Last fall, these and other complaints surfaced in an SBA report entitled ''Unfair Competition by Nonprofit Organizations With Small Business.'' It noted that ''nonprofit activity represents a form of indirect government competition with the private sector.'' Why ''government''? Because, as Yale law professor Henry Hansmann explains, tax exemptions amount to ''a kind of a capital subsidy to nonprofits'' - allowing them to retain their full earnings, accumulate capital, reduce their costs, and undersell the for-profit enterprises.

The SBA report has clearly touched nerves on both sides. Since it raised the issue, there have been two significant shifts in federal policy (by the National Science Foundation and the Office of Management and Budget) designed to reduce competition between nonprofits and small businesses. The issue has also given birth to the Business Coalition for Fair Competition, a Washington-based lobbying group for congressional action.
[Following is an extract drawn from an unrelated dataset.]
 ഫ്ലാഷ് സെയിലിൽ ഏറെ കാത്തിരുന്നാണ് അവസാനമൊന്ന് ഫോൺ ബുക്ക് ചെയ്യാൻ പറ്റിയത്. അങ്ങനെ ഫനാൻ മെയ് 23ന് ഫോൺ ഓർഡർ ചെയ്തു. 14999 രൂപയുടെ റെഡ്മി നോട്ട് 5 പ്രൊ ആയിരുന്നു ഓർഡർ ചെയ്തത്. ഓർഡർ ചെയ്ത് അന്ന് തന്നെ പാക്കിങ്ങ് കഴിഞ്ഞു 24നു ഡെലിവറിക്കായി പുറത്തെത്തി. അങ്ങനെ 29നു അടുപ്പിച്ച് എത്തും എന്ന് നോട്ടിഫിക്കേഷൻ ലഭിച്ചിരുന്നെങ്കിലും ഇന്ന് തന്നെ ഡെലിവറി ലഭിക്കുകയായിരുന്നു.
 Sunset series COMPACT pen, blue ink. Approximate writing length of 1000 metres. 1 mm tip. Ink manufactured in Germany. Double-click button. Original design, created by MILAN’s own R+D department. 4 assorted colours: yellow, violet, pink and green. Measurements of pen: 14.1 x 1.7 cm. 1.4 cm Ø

But what action should be taken? The SBA report's conclusions, calling for a higher UBI tax and a tighter definition of ''related'' business activities, are characterized by Bob Smucker of Independent Sector (an umbrella organization for nonprofits) as ''Draconian.'' He worries about such things as the nation's nursing homes, only about 20 percent of which operate as nonprofits. If they get taxed into extinction, he wonders whether ''the for-profit (nursing home) is going to be as concerned about serving clientele who can't pay.''

Of the manifold questions raised by this Battle of the Stuffed Bears, that one seems paramount. To what extent, after all, do the nonprofits serve a public good different from that served by the for-profits? That issue, striking at the heart of our reasons for granting tax-exempt status in the first place, is complex and difficult.
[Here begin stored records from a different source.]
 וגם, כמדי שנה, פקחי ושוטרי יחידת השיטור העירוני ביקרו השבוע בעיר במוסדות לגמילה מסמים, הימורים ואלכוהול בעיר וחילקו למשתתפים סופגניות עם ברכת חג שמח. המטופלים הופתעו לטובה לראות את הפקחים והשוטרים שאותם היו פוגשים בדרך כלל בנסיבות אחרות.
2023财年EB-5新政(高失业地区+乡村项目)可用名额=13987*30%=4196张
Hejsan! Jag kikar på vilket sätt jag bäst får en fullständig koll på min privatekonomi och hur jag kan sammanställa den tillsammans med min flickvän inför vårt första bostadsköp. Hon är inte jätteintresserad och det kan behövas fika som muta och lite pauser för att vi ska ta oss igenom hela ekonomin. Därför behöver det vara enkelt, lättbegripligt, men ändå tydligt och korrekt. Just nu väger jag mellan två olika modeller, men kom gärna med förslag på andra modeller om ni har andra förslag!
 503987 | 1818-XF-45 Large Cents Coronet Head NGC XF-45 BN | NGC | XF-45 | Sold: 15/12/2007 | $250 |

And just now, with elections in the offing, Congress seems loath to touch it. Nor is the IRS complaining: S. Allen Winborne, an IRS assistant commissioner who oversees exempt organizations, notes that ''we don't think our problem is with the regulations as such.'' So the issue may continue to simmer.
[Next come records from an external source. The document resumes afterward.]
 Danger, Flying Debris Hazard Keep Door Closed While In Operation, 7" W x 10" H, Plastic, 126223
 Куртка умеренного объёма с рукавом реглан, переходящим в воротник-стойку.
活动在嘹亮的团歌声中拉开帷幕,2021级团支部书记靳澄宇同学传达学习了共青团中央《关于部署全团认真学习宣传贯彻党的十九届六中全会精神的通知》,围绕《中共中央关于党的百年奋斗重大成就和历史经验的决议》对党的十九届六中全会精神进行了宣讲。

As well it should. It is still largely unknown to the public and needs far more study. Clearly, the nation's entrepreneurial spirit needs defending. But so, too, do the high ideals underlying many nonprofits. The need is for a concerted effort by academicians, researchers, and thinkers from both sides to gather data, articulate policy, and hammer out a philosophy of nonprofit enterprise that lifts the nation above the current stuffed-bears debate.